As with many sexual orientations, asexuality is widely misunderstood among the public.

According to the University of North Carolina (UNC) – Chapel Hill LGBTQ Center’s website, asexuality is when someone does not experience sexual attraction toward individuals of any gender. However, this differs from those who choose to be celibate.

According to the site, celibacy is the choice to refrain from engaging in sexual behavior, but senior Gender Sexuality Alliance (GSA) historian McKenna Laskey said many asexual people still have sex. She said some choose never to have sex and others have sex with their partners or masturbate.

Junior GSA Programming Co-Chair Lucy Worth said celibacy differs in that people who are celibate choose to abstain from sexual activity, but asexuality is not a choice.

Worth said people often make assumptions about people who are asexual. One myth, she said, is asexual people have not found the right person yet and are emotionally “cold,” but she said many have romantic relationships without being interested in sex.

Laskey said romantic and sexual relationships can differ and do not necessarily have to interconnect.

She also explained the different kinds of feelings toward sex and forms of sexuality that are similar to asexuality. Worth said some are sex-repulsed, others are sex-positive and others are sex-neutral.

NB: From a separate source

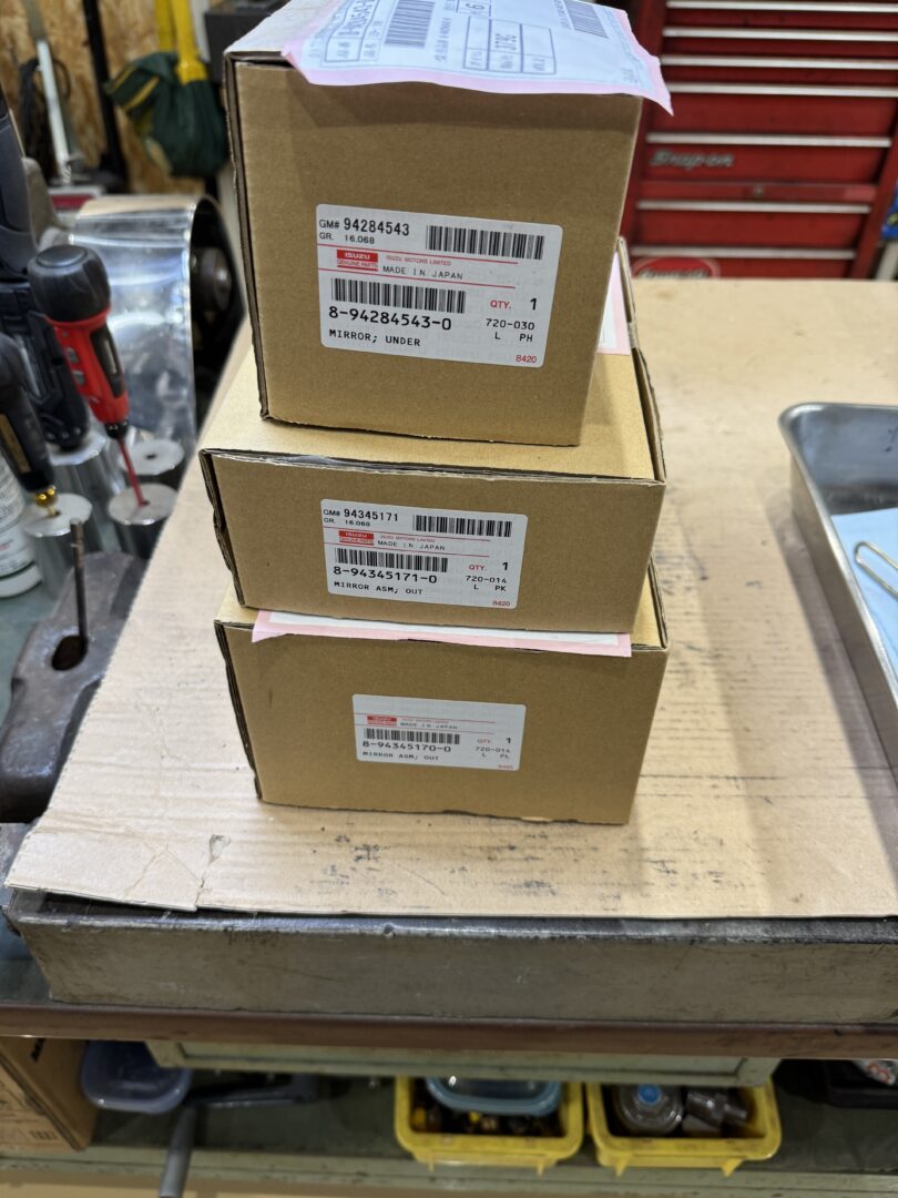 投稿日: 2026年4月10日いすゞ自動車部品 いすゞファーゴさんのバックミラー3点 いすゞ純正部品が入手できました 30年前の車体なのにありがたいです。 MADE IN JAPAN の文字! 素晴らしい! 次の車もいすゞの車にしようかしら(単純)

According to UNC-Chapel Hill LGBTQ Center’s site, there is also gray-sexual and demisexual. Gray-sexual people are those who are somewhere on the spectrum of sexuality between asexual and sexual. Demisexual people are those who do not experience primary sexual attraction but may experience secondary sexual attraction after a close, emotional connection has already formed.

Another myth, Worth said, is all asexual people are virgins or are not sexually attractive. However, she said though some remain celibate, many asexual people do not know they’re asexual until they have had sex.

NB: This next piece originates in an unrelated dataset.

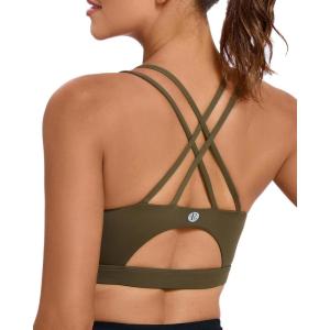 RUNNING GIRL Y-Back Sports Bras for Women, Medium Impact Wirefree Padded Bra Workout Crop Top Longline Sports Bra Push up(Golden Olive)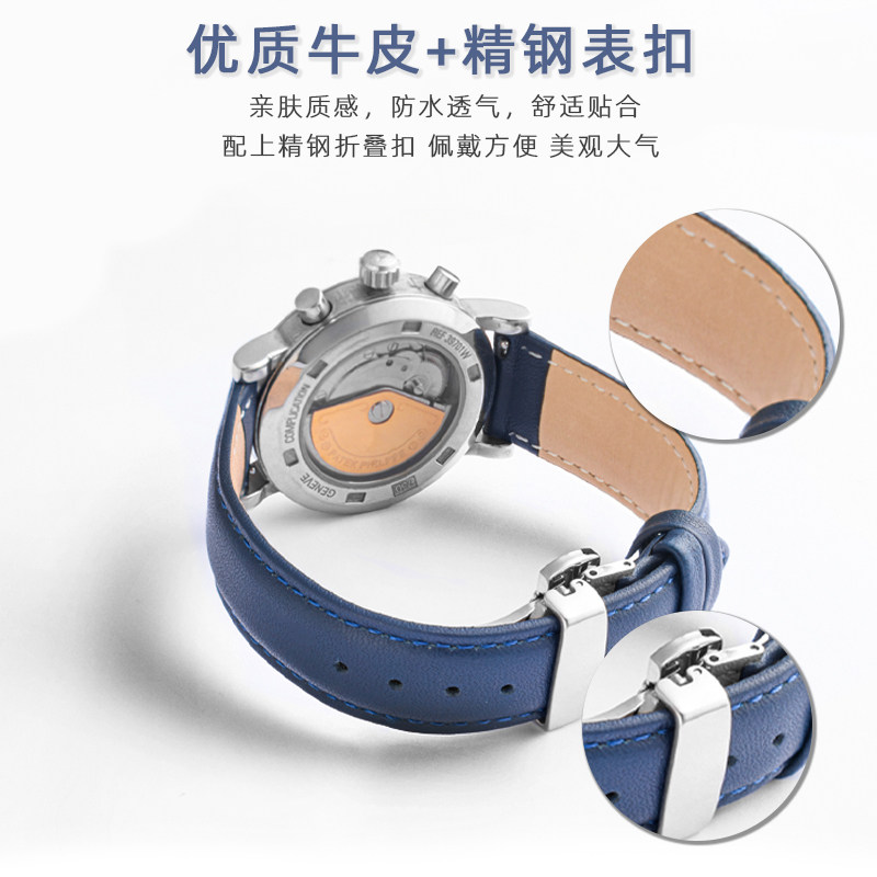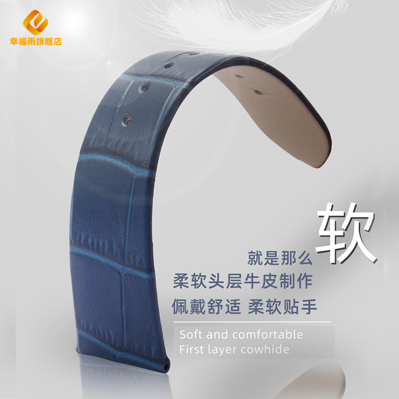 男士蓝色真皮手表带适配天王 罗西尼 雷诺 卡罗莱头层牛皮18 20mm

“It’s not that asexual people can’t get laid,” she said. “It’s that they have no interest in getting laid.”

Asexual people are sometimes perceived as having a history of mental illness and/or sexual abuse, Worth said. However, sexual orientation is not determined solely by a person’s history, and mental illness and sexual abuse can happen to anyone of any sexual orientation.

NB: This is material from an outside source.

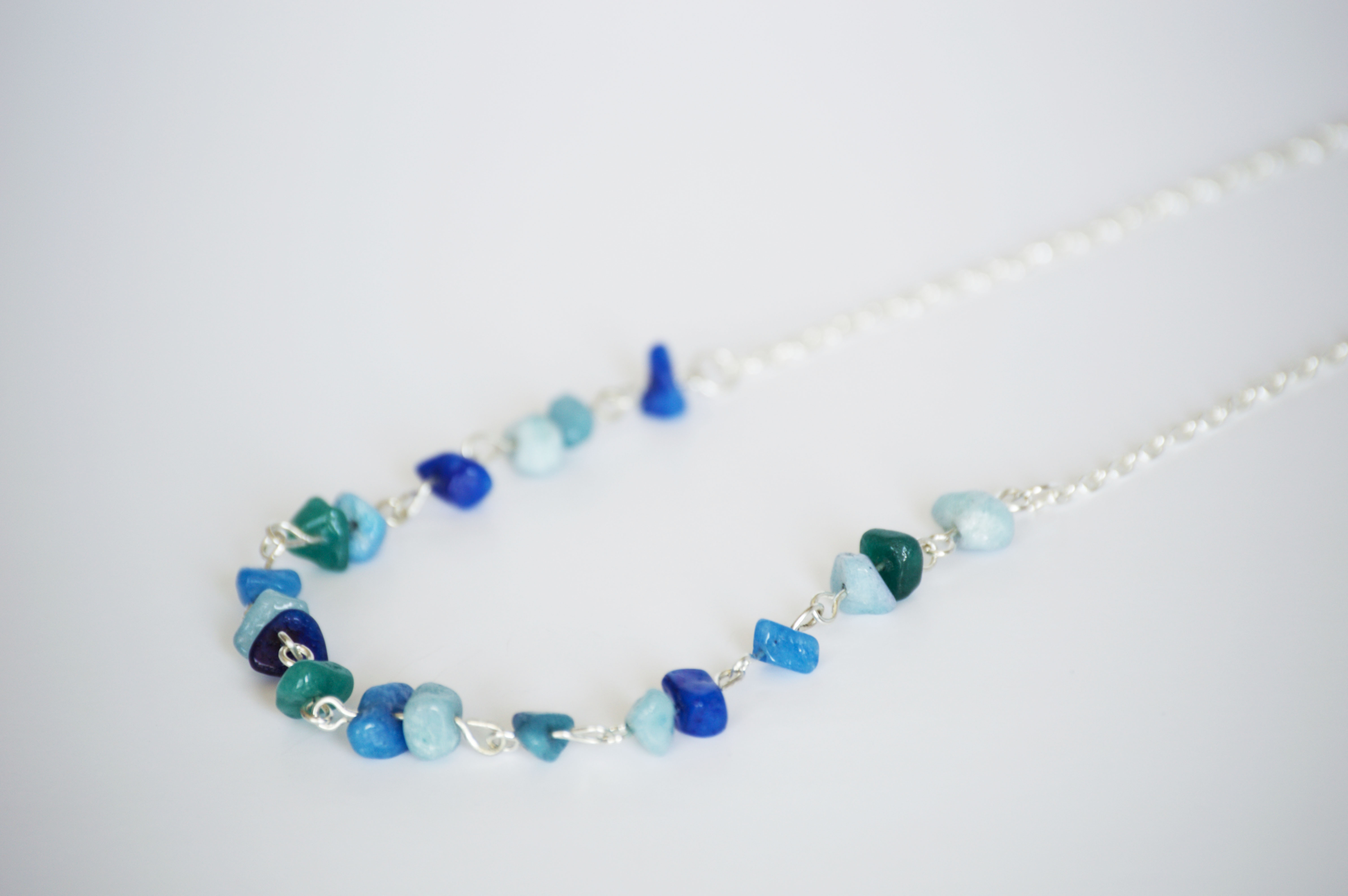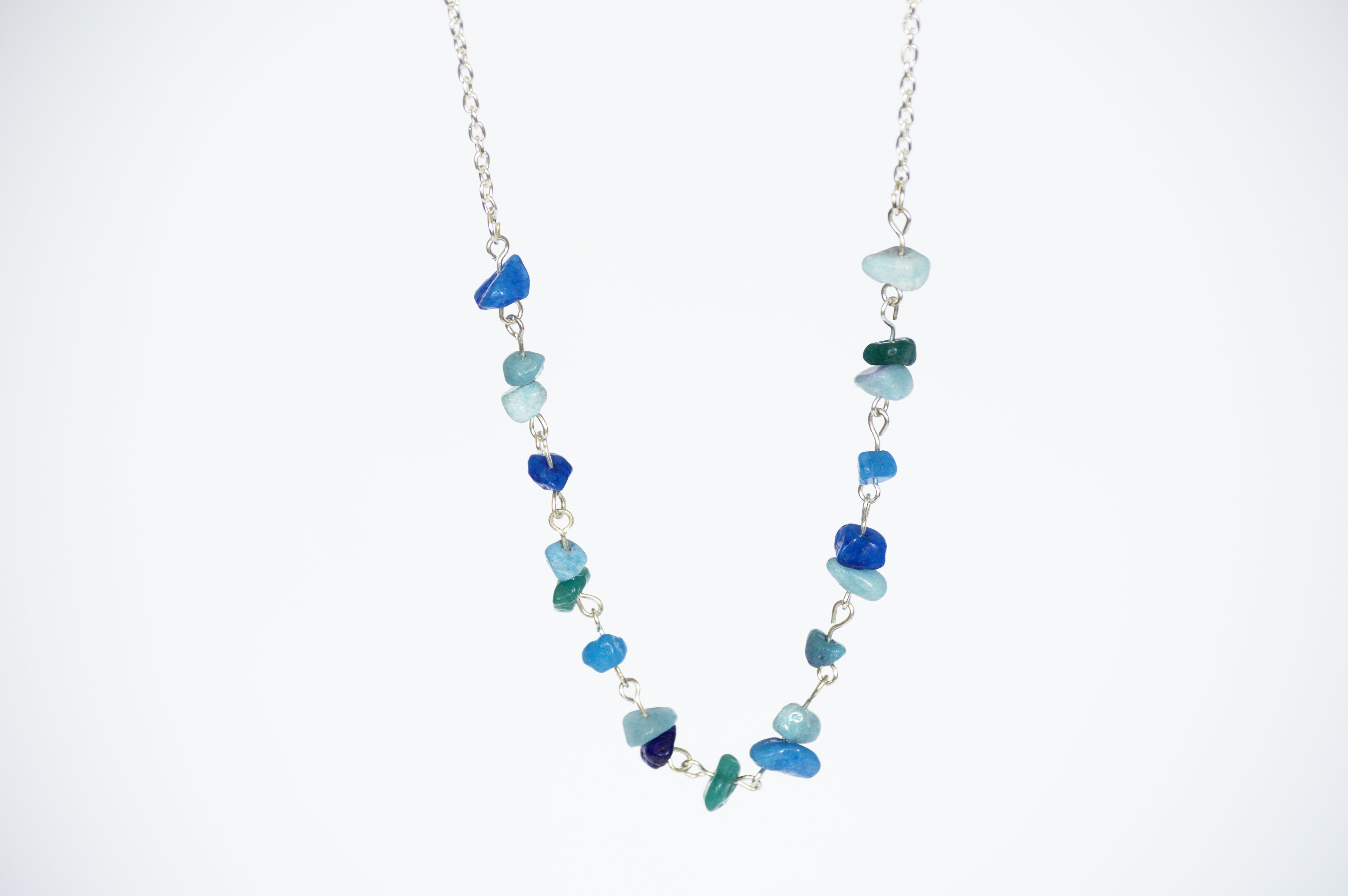 This gorgeous necklace is one of my favorites! It has 19 aqua mix quartz chips on handcrafted links. Each link is made with silver plated wire and they are attached to fine cable chain. This necklace ends with a lobster clasp and is approximately 23" long.

Though asexual people do not have sexual attraction toward others, according to research by Lori Brotto of the University of British Columbia, there is no physiological differences between asexual people and others, meaning asexual people are physically capable of erections and vaginal lubrication.

Though research on asexuality has been minimal, leaders in sexuality research like Alfred Kinsley having studied the subject.

The Kinsley scale defines a person’s sexuality as ranging between zero and seven, with zero being completely heterosexual and seven completely bisexual. Asexual people are in the category “X,” meaning no sexual attraction.

According to Kinsley’s study, 1.5 percent of his adult male subjects fell into this category. In a follow-up in 1953, testing both men and women, he estimated 1 to 4 percent of his male subjects and 1 to 19 percent of his female subjects were asexual.

Asexuality in humans was not studied again until 2004 when Anthony Bogaert, a psychology professor at Brock University, published “Asexuality: Prevalence and Associated Factors in a National Probability Sample,” where he looked at different factors that made a person more likely to be asexual.

In his study, he found asexual people were less sexually active, had fewer sexual partners, started having sex later and were less likely to be in a cohabiting or married relationship. He also found asexual people were older than others and were more likely female, poor, non-white, poorly educated and start menstruating later.

He also found that they, on average, attended religious services more than others. However, Laskey notes these traits do not make a person asexual.

“A lot of people assume that asexual people are asexual because they are simply prudish or religious in the way of wanting to wait till marriage,” she said. “An [asexual] person certainly could be either of those things but they are not [asexual] because of these things.”

One more myth is that asexual people do not experience discrimination. She said asexual people are at risk for violence and sexual assault, especially “corrective rape,” which is meant to “fix” the victims’ sexual orientation. There is also concern for a lack of knowledge of asexuality.

“Due to lack of representation and the spread of misinformation,” she said, “asexual people may face prejudice from both outside of and within the LGBTQIAP+ community.”